Do you know what has to happen within 150 days of the death of a person who has placed their house in a living trust with their children as beneficiaries?
Many sons and daughters (heirs and beneficiaries) do not know that California law requires them to file certain documents to notify the county assessor of their parents’ death and that these documents MUST be filed promptly. California law states that when an individual dies owning a house in California, the Assessor must be notified within 150 days of death if the house is in a living trust. If the house is in a probate, the notification is when the Inventory and Appraisal Form is filed.

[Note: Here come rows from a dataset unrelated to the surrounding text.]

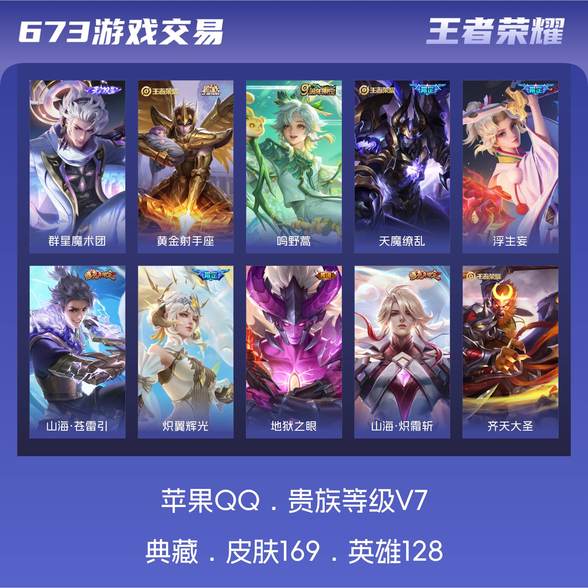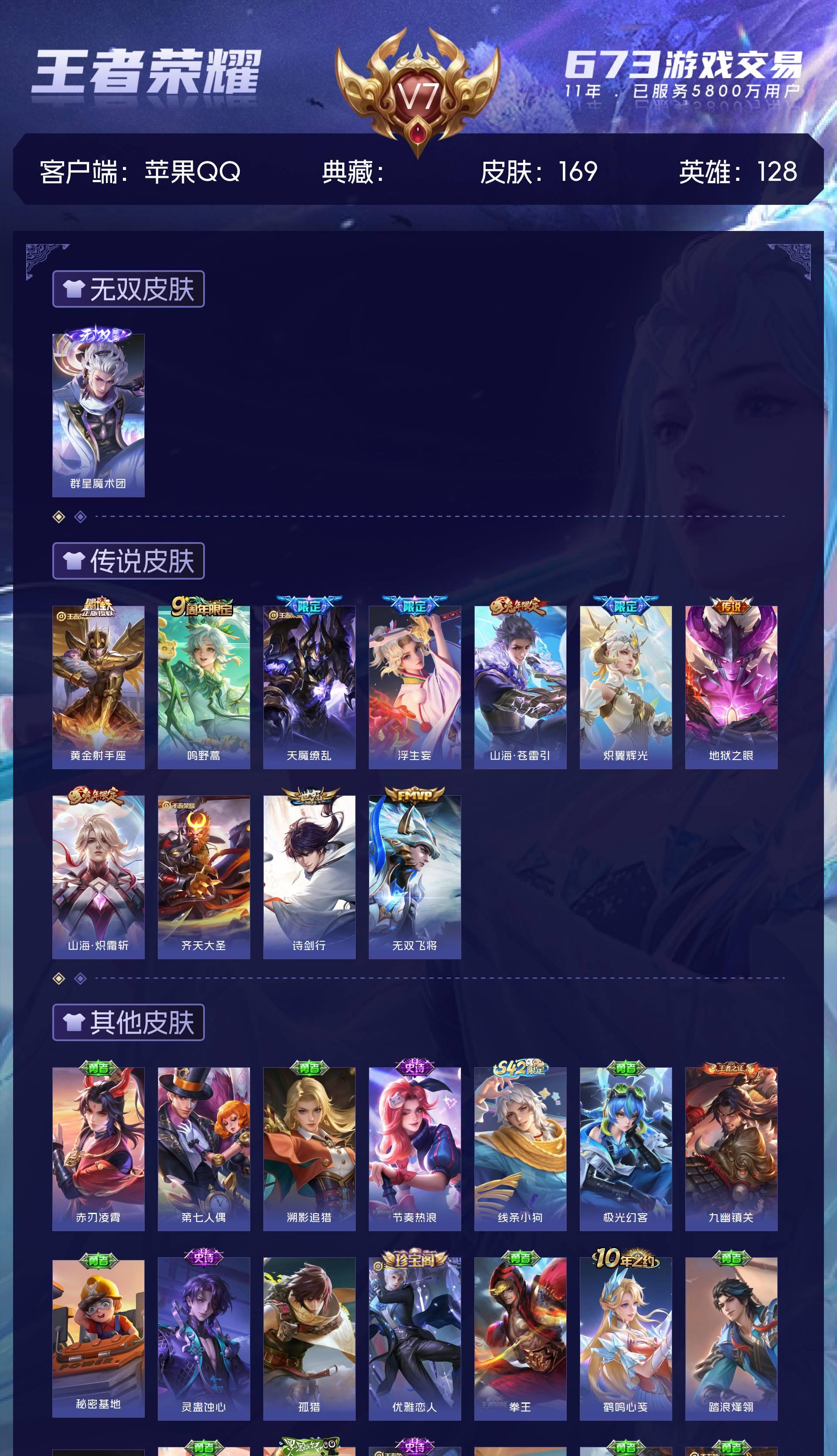 苹果QQ/至尊星耀/169皮肤/128英雄/0典藏/0珍品无双/1无双/0珍品传说/10传说/54史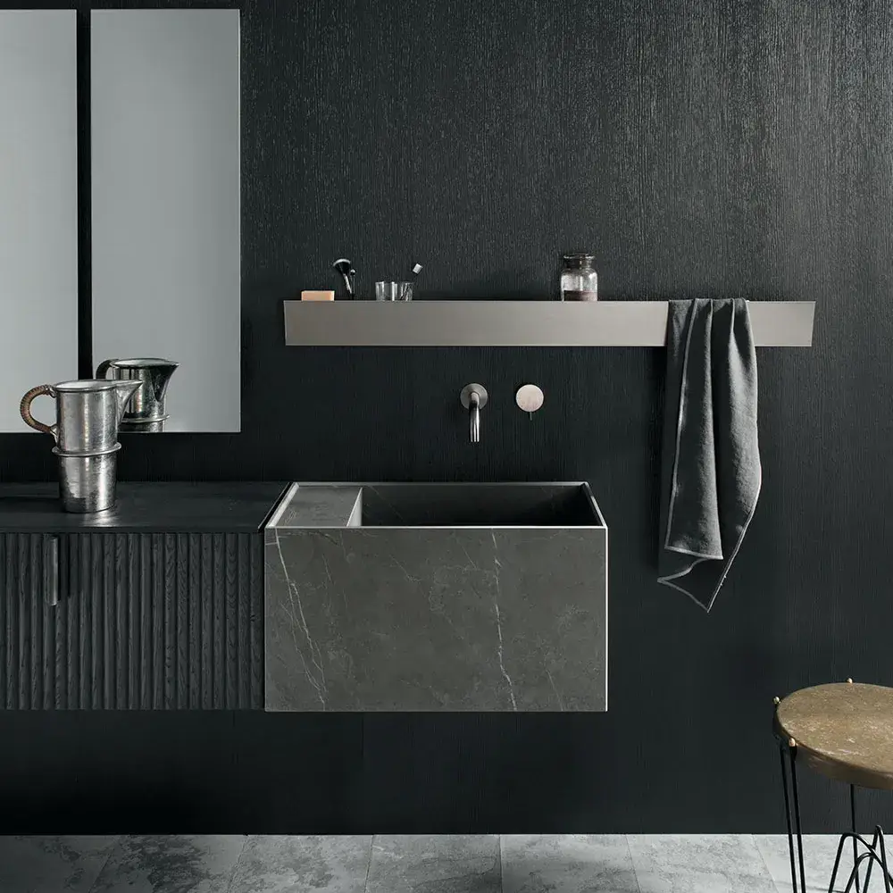 тумба-ROVERE INCHIOSTRO-823/топ-LAMINAM PIETRA GREY OPACO-AV/раковина-LAMINAM PIETRA DI SAVOIA ANTRACITE-AG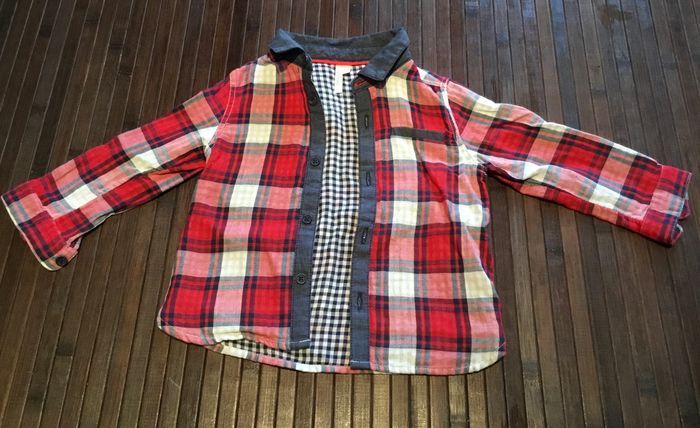 Chemise à carreaux blanc, rouge et bleu marine manches longues, taille 12 mois très bon état Marque Orchestra
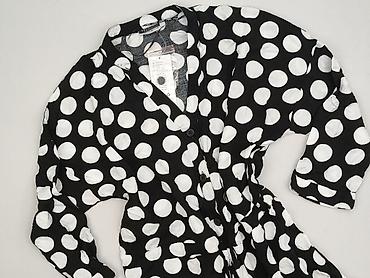 Sukienka damska w czarne tło z białym drobnym wzorem (kropki). - Fason: dopasowana, marszczona na całej długości, długość mini. - Dekolt: w kształcie litery V z wiązaniem z tyłu karku. - Rękawy:...Stan: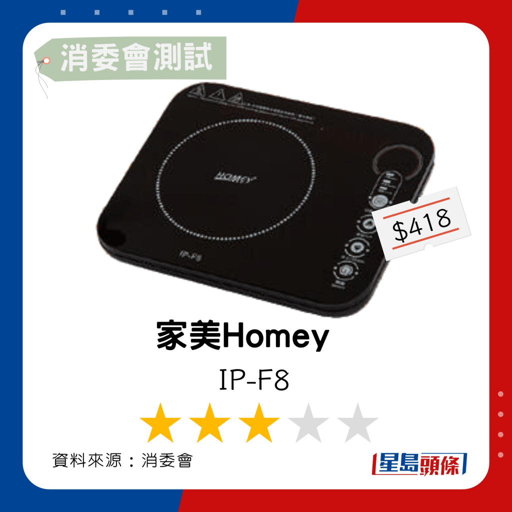 至于余下7款电磁炉表现又如何? 在消委会测试中,其总评分为3至4星,整体分数稍低:

Many sons and daughters sadly find this out when they are hit with a huge supplemental unsecured property tax bill. For example: Mom put the house in a living trust and named the daughter as the beneficiary. When mom passed away the house was worth $400,000. Daughter
lives in the house for the next 15 years before selling it for $800,000. Daughter will get a nasty supplemental unsecured property tax bill for the difference between the $400,000 and $800,000 because the Assessor was not notified within the 150 days window. It is an unsecured property tax bill because the house has been sold. The worst part is that this could have been avoided! This could have been avoided if she had filed the appropriate documents with the county assessor within the 150 days of death. All she had to do was to the notify the county assessor and take advantage of Proposition 58, which allows for a parent to child property tax reassessment exclusion.